Figure 1. Summary of the broad impact prenatal cannabinoid exposure can have on fetal development. Multiple fetal systems can be impacted by prenatal cannabinoid exposure, including but not limited to abdominal wall, uronephrological, epigenetic, neurological, and cardiac. Figure created with BioRender.com.

During the COVID-19 pandemic, the prevalence of cannabinoid use increased among people of reproductive age, due, in part, to elevated anxiety and stress levels. Specifically, due to COVID-related stressors (e.g., loneliness-induced mental health crises, unemployment, the responsibility of homeschooling added to parental childcare, neglected prenatal care, and fear of being infected with the coronavirus), there was a significant increase in the rates of urinalysis-confirmed prenatal cannabis use among pregnant individuals in Northern California. The increased prevalence of prenatal cannabis use coincided with the dramatic increase in sale of cannabis in California at that time, as cannabis dispensaries were deemed to be essential businesses (40, 41), and identified three primary reasons why individuals use cannabinoids during pregnancy and lactation: (1) escapism or sensation seeking for pleasure, (2) management of chronic disease or amelioration of pregnancy-related symptoms, and (3) as a mechanism for coping with the vicissitudes of life. The authors concluded that the divergent reasons for pre-conceptional cannabinoid use and use during pregnancy and lactation highlights the participants' perceptions of the benefits and safety profile of cannabinoids and may be an effort to justify their usage as therapeutic to overcome the perceived stigma of perinatal drug use (41).

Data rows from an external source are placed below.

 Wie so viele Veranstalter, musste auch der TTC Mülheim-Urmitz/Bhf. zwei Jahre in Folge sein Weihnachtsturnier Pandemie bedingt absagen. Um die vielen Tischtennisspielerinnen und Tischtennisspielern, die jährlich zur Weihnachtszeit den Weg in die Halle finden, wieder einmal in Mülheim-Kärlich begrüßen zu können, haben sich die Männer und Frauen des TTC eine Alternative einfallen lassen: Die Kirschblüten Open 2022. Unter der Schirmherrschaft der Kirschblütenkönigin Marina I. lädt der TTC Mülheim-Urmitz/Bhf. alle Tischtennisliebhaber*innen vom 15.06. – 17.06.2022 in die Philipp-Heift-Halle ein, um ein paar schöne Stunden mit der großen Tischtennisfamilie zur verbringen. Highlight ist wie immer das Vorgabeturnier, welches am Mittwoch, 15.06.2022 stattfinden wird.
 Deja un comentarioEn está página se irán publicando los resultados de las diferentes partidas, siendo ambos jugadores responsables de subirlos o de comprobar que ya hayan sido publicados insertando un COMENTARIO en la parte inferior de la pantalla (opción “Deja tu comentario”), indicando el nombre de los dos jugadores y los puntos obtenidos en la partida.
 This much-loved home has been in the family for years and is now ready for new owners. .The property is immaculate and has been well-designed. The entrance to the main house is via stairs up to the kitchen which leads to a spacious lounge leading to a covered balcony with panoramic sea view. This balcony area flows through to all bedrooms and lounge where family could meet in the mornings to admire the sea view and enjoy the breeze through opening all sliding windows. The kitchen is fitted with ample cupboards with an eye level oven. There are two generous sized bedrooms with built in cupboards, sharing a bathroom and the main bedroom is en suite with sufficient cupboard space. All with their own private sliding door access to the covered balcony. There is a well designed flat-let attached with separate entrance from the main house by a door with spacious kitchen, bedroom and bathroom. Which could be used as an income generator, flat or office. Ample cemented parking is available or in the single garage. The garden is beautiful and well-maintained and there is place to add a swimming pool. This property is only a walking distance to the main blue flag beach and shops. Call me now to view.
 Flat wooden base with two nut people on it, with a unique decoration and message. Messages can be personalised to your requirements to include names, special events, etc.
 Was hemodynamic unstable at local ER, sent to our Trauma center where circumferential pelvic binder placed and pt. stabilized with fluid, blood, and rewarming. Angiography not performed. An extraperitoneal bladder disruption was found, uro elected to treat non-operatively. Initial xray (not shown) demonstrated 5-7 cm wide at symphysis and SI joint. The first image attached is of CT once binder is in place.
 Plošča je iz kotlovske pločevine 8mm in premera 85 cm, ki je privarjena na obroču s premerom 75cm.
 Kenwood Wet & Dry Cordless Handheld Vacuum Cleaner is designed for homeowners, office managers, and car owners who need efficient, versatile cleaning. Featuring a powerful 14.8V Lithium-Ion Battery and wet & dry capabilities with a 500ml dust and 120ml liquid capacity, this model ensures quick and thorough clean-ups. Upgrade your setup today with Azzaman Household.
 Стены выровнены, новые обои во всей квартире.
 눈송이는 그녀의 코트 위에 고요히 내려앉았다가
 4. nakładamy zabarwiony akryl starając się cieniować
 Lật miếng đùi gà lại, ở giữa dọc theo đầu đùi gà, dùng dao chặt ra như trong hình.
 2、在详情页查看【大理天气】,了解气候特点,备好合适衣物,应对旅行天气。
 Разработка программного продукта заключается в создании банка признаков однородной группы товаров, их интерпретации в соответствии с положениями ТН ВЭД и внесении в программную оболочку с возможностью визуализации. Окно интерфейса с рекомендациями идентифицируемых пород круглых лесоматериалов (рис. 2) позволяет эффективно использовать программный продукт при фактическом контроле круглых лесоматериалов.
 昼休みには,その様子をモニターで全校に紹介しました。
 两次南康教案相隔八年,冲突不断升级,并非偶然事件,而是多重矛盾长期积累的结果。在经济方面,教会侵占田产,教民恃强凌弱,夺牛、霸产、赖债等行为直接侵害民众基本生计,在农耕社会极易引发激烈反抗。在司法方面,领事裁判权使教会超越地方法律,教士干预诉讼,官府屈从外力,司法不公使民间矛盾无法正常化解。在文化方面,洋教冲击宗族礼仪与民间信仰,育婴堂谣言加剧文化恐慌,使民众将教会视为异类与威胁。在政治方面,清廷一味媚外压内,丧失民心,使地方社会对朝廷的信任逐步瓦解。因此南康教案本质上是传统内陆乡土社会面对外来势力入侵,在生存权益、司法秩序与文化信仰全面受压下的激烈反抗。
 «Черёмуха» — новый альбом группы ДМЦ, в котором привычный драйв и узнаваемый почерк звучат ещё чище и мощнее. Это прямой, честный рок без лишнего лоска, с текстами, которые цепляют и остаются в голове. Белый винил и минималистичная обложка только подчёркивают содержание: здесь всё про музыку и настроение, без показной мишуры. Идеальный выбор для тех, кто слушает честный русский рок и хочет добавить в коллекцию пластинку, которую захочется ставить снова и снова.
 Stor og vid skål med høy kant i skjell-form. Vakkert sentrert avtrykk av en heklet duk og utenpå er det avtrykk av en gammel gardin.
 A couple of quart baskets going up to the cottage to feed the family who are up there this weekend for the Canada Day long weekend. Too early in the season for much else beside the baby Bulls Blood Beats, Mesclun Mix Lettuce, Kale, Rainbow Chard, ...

Epigenetics and exogenous cannabinoids

What effects do exogenous cannabinoids have on the developing fetus and through what mechanism are these effects potentially transmitted to subsequent generations?

The quote, “If DNA is thought of as the cells’ bioinformatic ‘hardware’ then the epigenome can be considered its programming ’software’” (42) is apropos. Epigenetics is the study of how heritable alterations of DNA can modify gene expression and alter the phenotype without altering the nucleotide sequence (43). Epigenetic modifications play a crucial role in guaranteeing that cells commit to a specific mitotically and meiotically inheritable phenotype and maintain the stability of the genome. The epigenetic mark-induced silencing of centromeres, telomeres, and transposons ensures that the spindle microtubules correctly connect to centromeres, decreases the incidence of recombination between repetitive sequences, and prevents translocation of transposons, which can result in mutations (43). These epigenetic modifications are thought to be the ideal candidates for the molecular mechanism by which environmental stimuli can be translated into heritable alterations of the DNA or chromatin structure. That is, epigenetic modifications are how extended perinatal (i.e., from early gestational through breastfeeding 20) cannabinoid exposure could lead to lasting effects, some of which can be transmitted to successive generations.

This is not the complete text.